The p53 protein, which stimulates apoptosis, is a guardian of the genome and is expressed in the presence of DNA damage. Therefore, the expression of p53 in tissues reveals an exposure to genotoxic stress, including radiation, chemical agents and ischemia (21). In the present study, we clearly detected the expression of p53 in the I/R group, and this expression decreased in the case of quercetin administration prior to I/R stress, which suggests that quercetin has a protective effect on DNA damage. In addition to this decrease in the level of apoptosis, the cell number increased in the I/R group, suggesting that quercetin also has a protective effect on cell injury and abnormal cell formation.

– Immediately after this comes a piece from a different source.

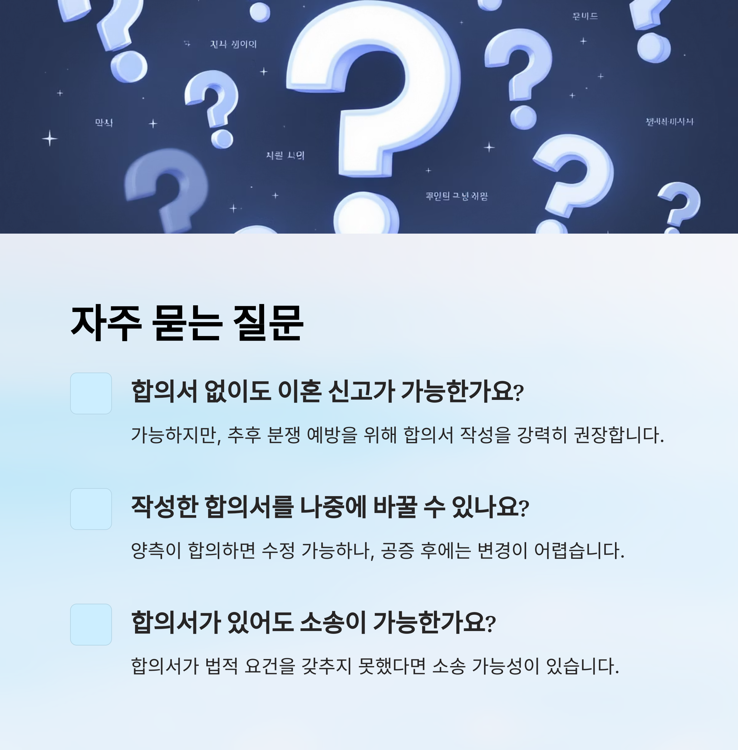 따라서 합의서는 감정적인 상태에서 서두르기보단, 충분히 숙고하고 전문가 조언을 받으면서 작성하는 게 좋아요. 공증을 함께 진행하면 무효 가능성도 줄어들어요.

Renal I/R activates NOS and increases the expression of NOS proteins (22,23). In spite of all the studies carried out, the role of NO in I/R remains controversial. Several studies have indicated that NO induces cellular cytotoxicity and tissue injury via lipid peroxidation, as well as DNA damage and pro-apoptotic effects in I/R injury (12,16,24). Conversely, there are studies which demonstrate that the increased activity of NOS is associated with reduced I/R-induced injury (25). Alterations in the expression of various NOS isoforms have been described in renal I/R injury (17). Vinas et al reported that, according to quantitative analysis, I/R increased the renal expression of iNOS compared to the control and that no differences were found between I/R and the various selective NOS inhibitors (17). In the present study, quantitative iNOS expression increased in the I/R group and no significant difference was observed between the I/R and quercetin treatment groups, similar to the Vinas et al study. Immunohistochemical analysis revealed higher eNOS expression in the I/R group; however, this was lower with quercetin treatment.

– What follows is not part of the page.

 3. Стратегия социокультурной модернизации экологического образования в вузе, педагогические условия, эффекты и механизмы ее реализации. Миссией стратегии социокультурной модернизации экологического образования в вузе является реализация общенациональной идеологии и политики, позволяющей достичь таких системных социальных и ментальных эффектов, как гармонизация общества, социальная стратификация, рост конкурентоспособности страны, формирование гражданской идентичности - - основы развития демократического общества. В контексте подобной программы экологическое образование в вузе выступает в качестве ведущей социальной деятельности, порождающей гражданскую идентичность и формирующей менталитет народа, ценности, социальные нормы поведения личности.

Within the experimental studies that have been carried out to date, we are unable to identify a study simultaneously investigating the effects of quercetin on apoptosis, p53, NF-κB and NOS gene expression in renal I/R injury. The results of the present study reveal that quercetin treatment in I/R-injured rat renal tissue reduces the injury by decreasing oxidative stress, apoptosis and p53, NF-κB and eNOS gene expressions.
In conclusion, quercetin not only has antioxidant and anti-apoptotic activities, but also an inhibitory effect on eNOS and NF-κB for renal tissue protection during I/R injury in rats. Therefore, quercetin may be used to protect renal tissue in I/R injury, which may develop during surgical procedures.